Split-Brain (Both Servers Active)

EMERGENCY - Stop both immediately:

# On both servers
docker compose stop trading-bot

Then restart only primary:

# On primary only
docker compose up -d trading-bot

Check Drift positions:

curl -s http://localhost:3001/api/trading/positions \
  -H "Authorization: Bearer ${API_SECRET_KEY}" | jq .
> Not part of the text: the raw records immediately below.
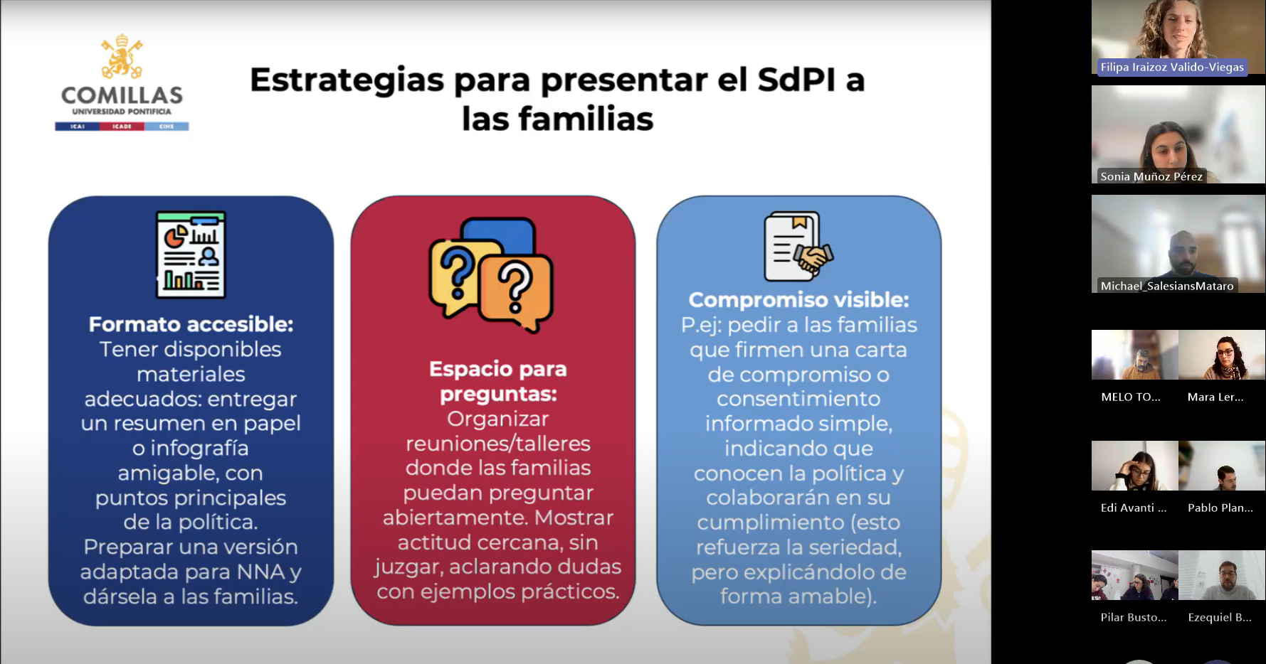 La segunda mesa, realizada en noviembre, profundizó en la participación infantil y familiar, el uso del Mapa de Riesgos y las estrategias para comunicar el SdPI de forma accesible. Las entidades coincidieron en la importancia de involucrar activamente a niños, niñas y adolescentes como agentes de protección, reconociendo que su participación contribuye a mejorar la convivencia y a detectar situaciones de riesgo con mayor anticipación.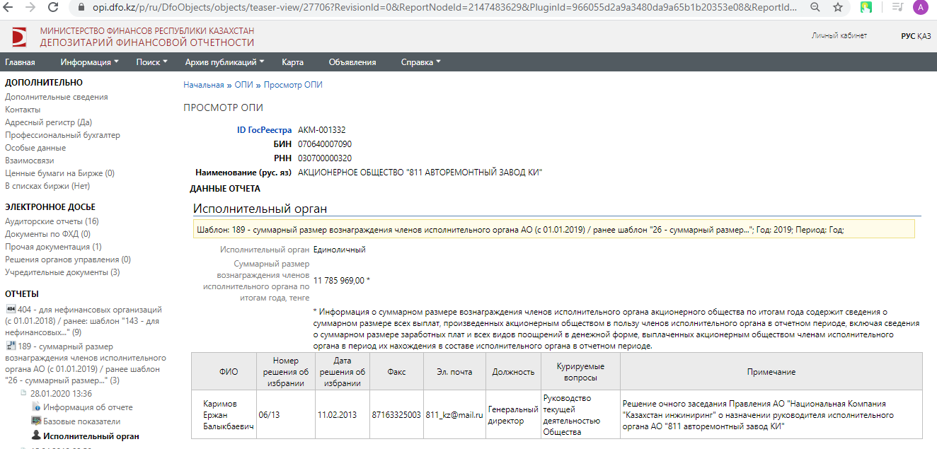 По итогам января текущего года в Депозитарий финансовой отчетности (ДФО) Министерства финансов Казахстана свои отчеты о вознаграждении своих руководителей направили шесть компаний. Это следует из отчетности ДФО по состоянию на 31 января этого года.
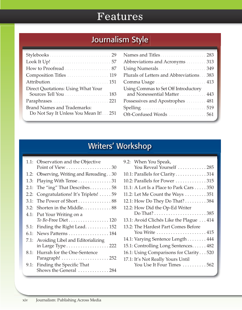 xiv Journalism: Publishing Across Media Features Writers’ Workshop Writers’ Workshop Journalism Style Journalism Style Stylebooks . . . . . . . . . . . . . . . . . . . . . . . . . . . . 29 Look It Up! . . . . . . . . . . . . . . . . . . . . . . . . . . . 57 How to Proofread . . . . . . . . . . . . . . . . . . . . . 87 Composition Titles . . . . . . . . . . . . . . . . . . . 119 Attribution . . . . . . . . . . . . . . . . . . . . . . . . . . . 151 Direct Quotations: Using What Your Sources Tell You . . . . . . . . . . . . . . . . . . . . 183 Paraphrases . . . . . . . . . . . . . . . . . . . . . . . . . . 221 Brand Names and Trademarks: Do Not Say It Unless You Mean It! . . . 251 Names and Titles . . . . . . . . . . . . . . . . . . . . . 283 Abbreviations and Acronyms . . . . . . . . . 313 Using Numerals . . . . . . . . . . . . . . . . . . . . . . 349 Plurals of Letters and Abbreviations . . . 383 Comma Usage . . . . . . . . . . . . . . . . . . . . . . . 413 Using Commas to Set Off Introductory and Nonessential Matter . . . . . . . . . . . . 443 Possessives and Apostrophes . . . . . . . . . 481 Spelling . . . . . . . . . . . . . . . . . . . . . . . . . . . . . . 519 Oft-Confused Words . . . . . . . . . . . . . . . . . 561 1.1: Observation and the Objective Point of View . . . . . . . . . . . . . . . . . . . 30 1.2: Observing, Writing and Rereading . . 30 1.3: Playing With Tense . . . . . . . . . . . . . . 31 2.1: The “ing” That Describes . . . . . . . . . 58 2.2: Congratulations! It’s Triplets! . . . . . 59 3.1: The Power of Short . . . . . . . . . . . . . . 88 3.2: Shorten in the Middle . . . . . . . . . . . . 88 4.1: Put Your Writing on a To Be-Free Diet . . . . . . . . . . . . . . . . . 120 5.1: Finding the Right Lead . . . . . . . . . . 152 6.1: News Patterns . . . . . . . . . . . . . . . . . 184 7.1: Avoiding Libel and Editorializing in Large Type . . . . . . . . . . . . . . . . . . 222 8.1: Hurrah for the One-Sentence Paragraph! . . . . . . . . . . . . . . . . . . . . 252 9.1: Finding the Specifi c That Shows the General . . . . . . . . . . . . . 284 9.2: When You Speak, You Reveal Yourself . . . . . . . . . . . . 285 10.1: Parallels for Clarity . . . . . . . . . . . . . 314 10.2: Parallels for Power . . . . . . . . . . . . . 315 11.1: A Lot Is a Place to Park Cars . . . . . 350 11.2: Let Me Count the Ways . . . . . . . . . 351 12.1: How Do They Do That? . . . . . . . . . 384 12.2: How Did the Op-Ed Writer Do That? . . . . . . . . . . . . . . . . . . . . . . 385 13.1: Avoid Clichés Like the Plague . . . 414 13.2: The Hardest Part Comes Before You Write . . . . . . . . . . . . . . . . . . . . . 415 14.1: Varying Sentence Length . . . . . . . . 444 15.1: Controlling Long Sentences . . . . . . 482 16.1: Using Comparisons for Clarity . . . 520 17.1: It’s Not Really Yours Until You Use It Four Times . . . . . . . . . . 562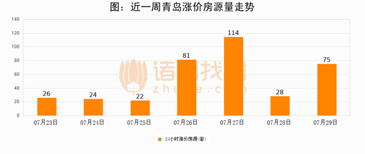 根据诸葛找房数据显示,青岛24小时涨价房源量为75套,较07月28日增加47套,环比上涨167.9%。与此同时,涨价房源占比小幅扩大,业主信心有所提升。

Health Check False Positives

Adjust thresholds in failover-controller.sh:

CHECK_INTERVAL=30  # Slower checks (reduce network load)
MAX_FAILURES=5     # More tolerant (reduce false failovers)

Cost Analysis

Primary Server: Always running (existing cost) Secondary Server: Always running, but mostly idle

Benefits:

  • 99.9% uptime vs 95% single server
  • ~4.5 hours/year max downtime (failover time)
  • Financial protection - no missed trades during outages
  • Peace of mind - sleep without worrying about server crashes

Worth it? YES - For a financial system, redundancy is essential.


Future Enhancements

  1. Geographic redundancy: Secondary in different datacenter/region
  2. Load balancer: Route n8n webhooks to active server automatically
  3. Database streaming replication: Real-time sync (0 data loss)
  4. Multi-region: Three servers (US, EU, Asia) for global coverage
  5. Health dashboard: Web UI showing HA status and metrics